Sergei Rachmaninoff wrote his Symphony No. 2 in E Minor, op. 27 in 1906-1907 and dedicated the work to one of his teachers – Sergei Ivanovich Taneyev. Until then, the composer had already had two successful seasons as the conductor of the Imperial Opera on stage of the Moscow Bolshoi Theatre.  In 1906, together with his wife and daughters he moved to Dresden, where he could devote himself entirely to composing music, as well as to flee from deteriorating political situation which drove Russia towards revolution. The family remained in Dresden for three years and spent their summer vacations in the village of Ivanovka. It was in that period that Rachmaninov wrote not only his Second Symphony, but also the symphonic poem The Island of the Dead, as well as his first piano sonata.

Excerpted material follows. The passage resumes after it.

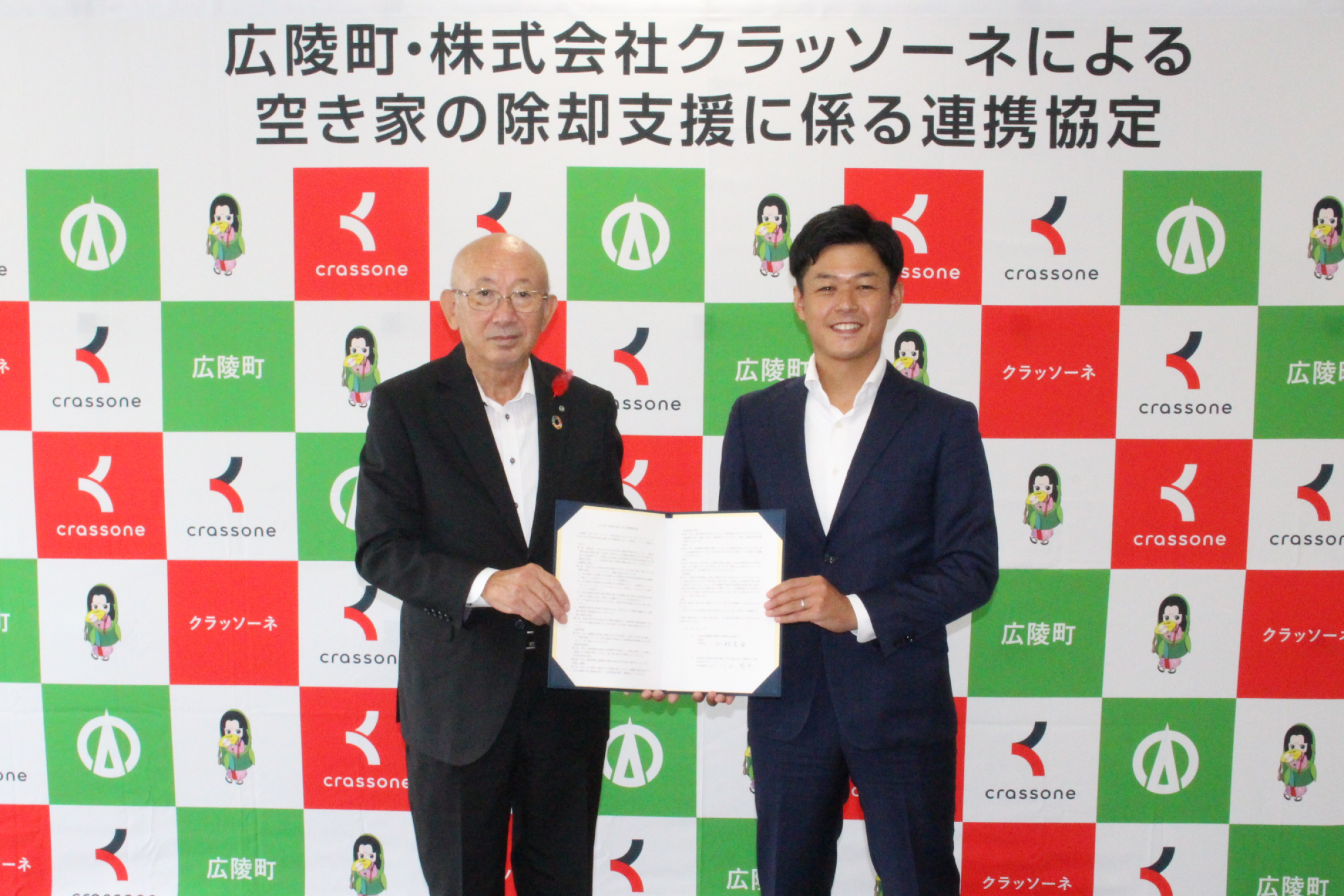 解体工事の一括見積もりWebサービス「クラッソーネ」を運営する株式会社クラッソーネ(愛知県名古屋市、代表取締役:川口哲平、以下「当社」)は、奈良県広陵町(以下、「広陵町」)と空き家の除却(解体)支援に係る連携協定を締結いたしました。昨今、全国的にも社会課題となっている空き家問題への対策として、広陵町内の空き家の適正な管理を推進し、安心安全なまちづくりの実現を目指します。

In the aftermath of the failure of his first symphony, the composer had lost confidence that he was an able composer in the genre of symphony. The premiere of Symphony No. 1 under the baton of Alexander Glazunov drew such fierce criticisms that the young author lapsed into deep depression. Even after the success of his Second Piano Concerto, which won the Glinka Prize and earned him a 500 rouble profit in 1904, Rahmaninoff still could not regain faith in his abilities. He disliked the first draft of his Second Symphony, but nevertheless revised the work a few months later, and on 8 February 1908, under his direction, the symphony was first performed in St. Petersburg and less than a month later in Moscow.

This Rachmaninoff symphony had enormous success. The reviewer from Russian Musical Gasette wrote: „The new Symphony is, above all, a personal, rachmaninovian, uninhibited insight into the inner world of man by a delicate and discerning artist who can think, feel and experience on his own. Here is Rachmaninoff, who already possesses a distinctly new face of his own in Russian art. An artist of amazing delicacy of concept, exquisiteness of taste, sophisticated imagination… with predisposition to elegiac moods…  The symphony is powerful both in its entirety and in the splendid abundance of detail. The sentiment and inspiration correspond to the mature artistic completeness of expression. The first and overall impression is that, with its poetic and artistic brilliance, the symphony arrests the attention from beginning to end, and for all the diversity of its expression and for the equilibrium of contrasts, it combines in itself the elements of the beautiful and the tragically unsightly”.

The triumph restored Rachmaninoff’s confidence in his own abilities. Subsequently he also wrote a Third Symphony (1936), as well as the famous Symphonic Dances, which saw the light of day three years before the composer’s death.